Competitive mutant fitness assays

Assays were adapted from Carim et al. (28). Briefly, assays were performed in glass tubes. Partially purified tailocins were used as stressors at final concentrations of 0.05× of the stock preparation. P-buffer was used as a control. LB and Km50 was supplied for the mutant library as the growth medium. The tubes were incubated with shaking and mutants were harvested when the OD₆₀₀ reached the mid-log phase. Cells were pelleted by centrifugation (8000 × g for 5 min) and stored at −20°C to await genomic DNA extraction. Each condition was assayed in 10 individual replicates.

BarSeq and analysis of BarSeq data

Genomic DNA was extracted and barcode PCR was performed as described in Wetmore et al. (43). DNA extractions were quantified with NanoDrop 1000 (ThermoFisher Scientific).
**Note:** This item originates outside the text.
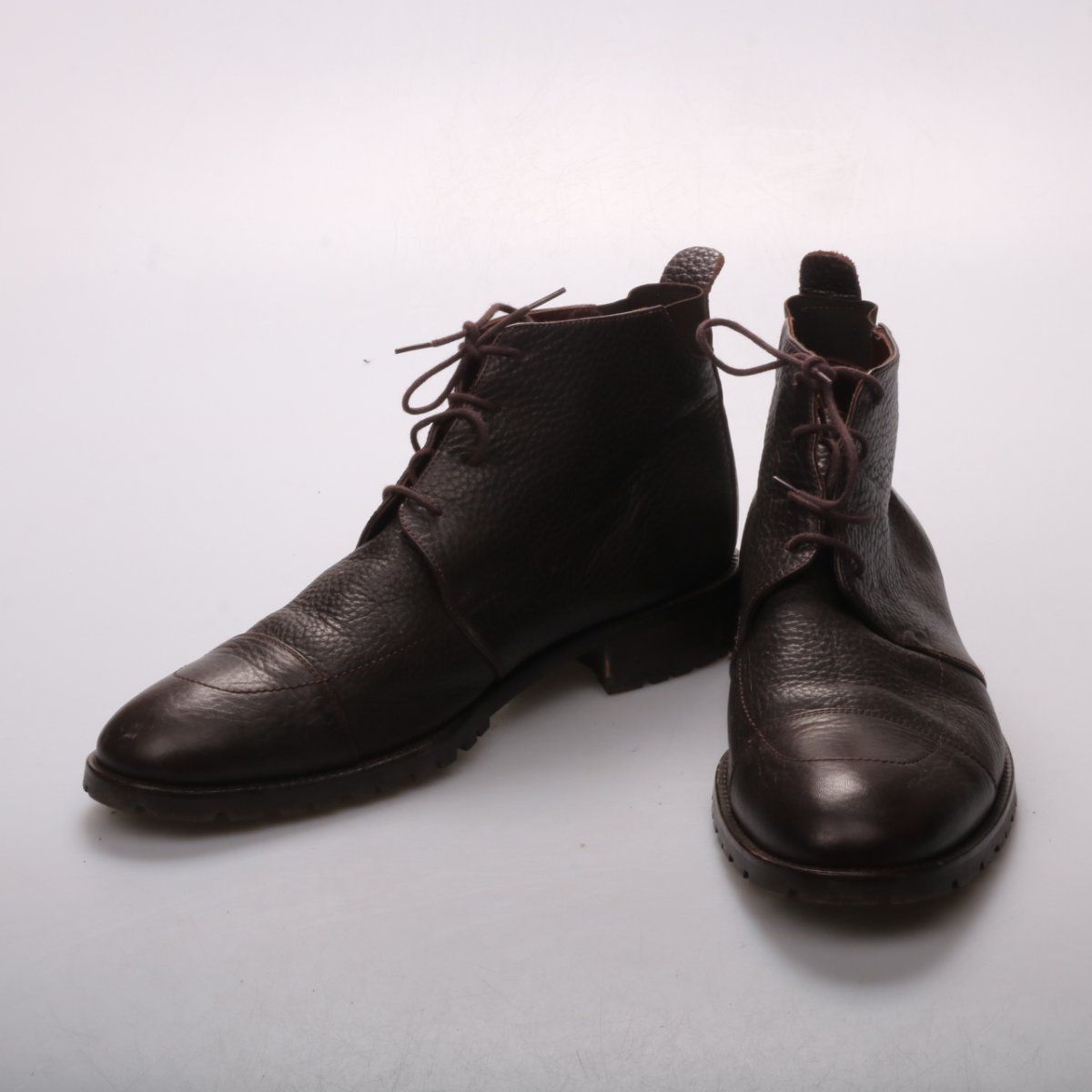 Мужские кожаные ботинки на шнуровке без указанного бренда, темно-коричневого цвета, с фактурной кожей и каблуком. Подойдут для повседневной носки в межсезонье и прохладную погоду. Рельефная резиновая подошва обеспечивает более уверенное сцепление на улице.

Barcode sequence data were obtained by multiplexing on a lane of HiSeq at the University of Utah High-Throughput Genomics core. Fitness data were calculated and analyzed from these reads with the DESeq2 R package (85), and scripts can be found on our GitHub page.

LPS isolation

The cell culture was washed two times with PBS and inactivated using a solution of 1% phenol in PBS. The cell material was suspended in water and preincubated to 68°C with gentle stirring. The extraction was performed by using the corresponding volume of 90% (v/v) liquefied phenol following the standard procedure (86) and extracted for 20 min at 68°C. The sample was cooled on an ice bath and centrifuged for 20 min at 4°C, 5000 × g. The aqueous upper phase was collected, and the remaining phenol phase and cell debris were extracted two more times with water following the same protocol. The combined aqueous phases and the final phenol phase were dialyzed against several exchanges of water for 4 days 12- to 14-kDa [molecular weight cutoff (MWCO)].
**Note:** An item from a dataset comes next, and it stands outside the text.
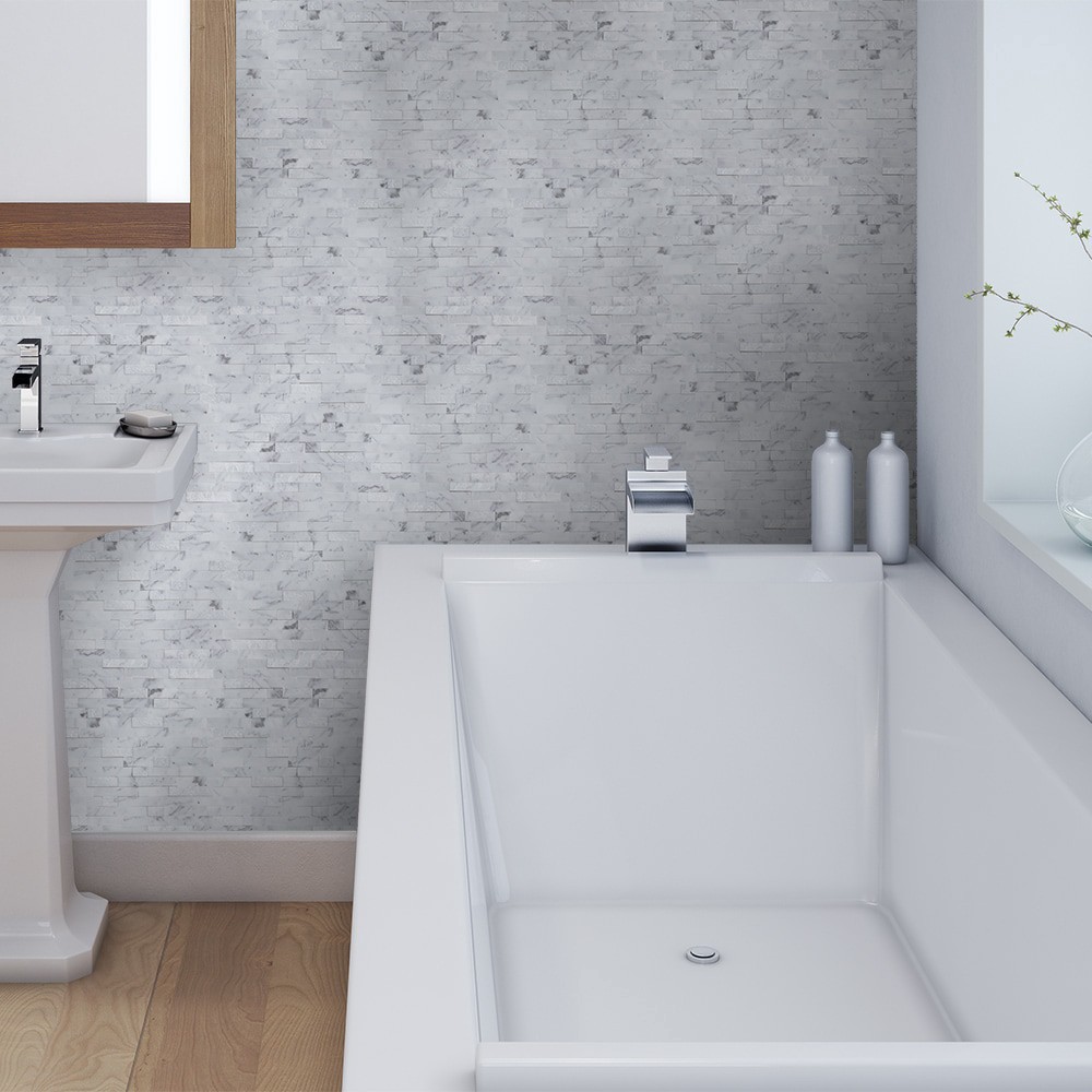 Peel & Stick natural stone mosaic tiles are durable and feature a strong adhesive backing that is created to last for years. This stacked carrara stone mosaic tile provides an stylish look to your spa…

The freeze-dried dialysates were resuspended in a sterile buffer (10 mg/ml to 50 mM MgCl₂•6H₂O and 20 mM NaOAc•3H₂O), and the nucleic acids were digested with benzonase (2 μl, 18 hours at 37°C) with gentle agitation. Proteins were digested with proteinase K (50 μg/ml per ml of the LPS solution) by overnight incubation at 37°C. The buffer, nucleotides, and peptides were removed by dialysis against water (12- to 14-kDa MWCO) at 4°C, followed by ultracentrifugation at 100,000 × g for 16 hours at 4°C. The LPS pellets were suspended in water and freeze-dried, and were then ready for use.

DOC-PAGE of LPS samples

The purified LPS samples were resolved in PAGE (4% stacking gel and 18% resolving gel) in the presence of DOC buffer (87). The PAGE was visualized with a silver stain reagent kit (Bio-Rad).
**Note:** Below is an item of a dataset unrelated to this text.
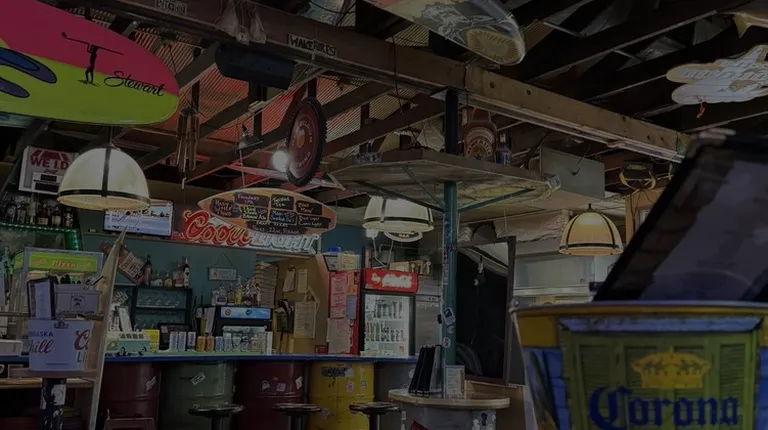 Interior with candy machines and various sea/surf-related items in the rafters.

Glycosyl composition analysis using the TMS method

Glycosyl composition analysis was performed by combined GC-MS of the O-trimethylsilyl (TMS) methyl glycoside derivatives produced from the sample by acidic methanolysis followed by trimethylsilylation (88). GC-MS analysis of the TMS methyl glycosides was performed on an Agilent AT 7890A GC system interfaced to a 5975B MSD using an Equity-1 (Supelco) fused silica capillary column (30 m length × 0.25 mm ID × 0.25 μm film thickness). The temperature gradient was was 80°C for 2 min, increased to 140°C at 20°C/min with a 2-min hold, increased to 200°C at 2°C/min, and then increased to 250°C at 30°C/min with 5-min hold.

Data and materials availability:

All data and code are available in the supplementary materials and have been deposited in the following repositories. Data have been deposited to Zenodo (67) and Dryad (89). Code has been deposited to GitHub (90, 91).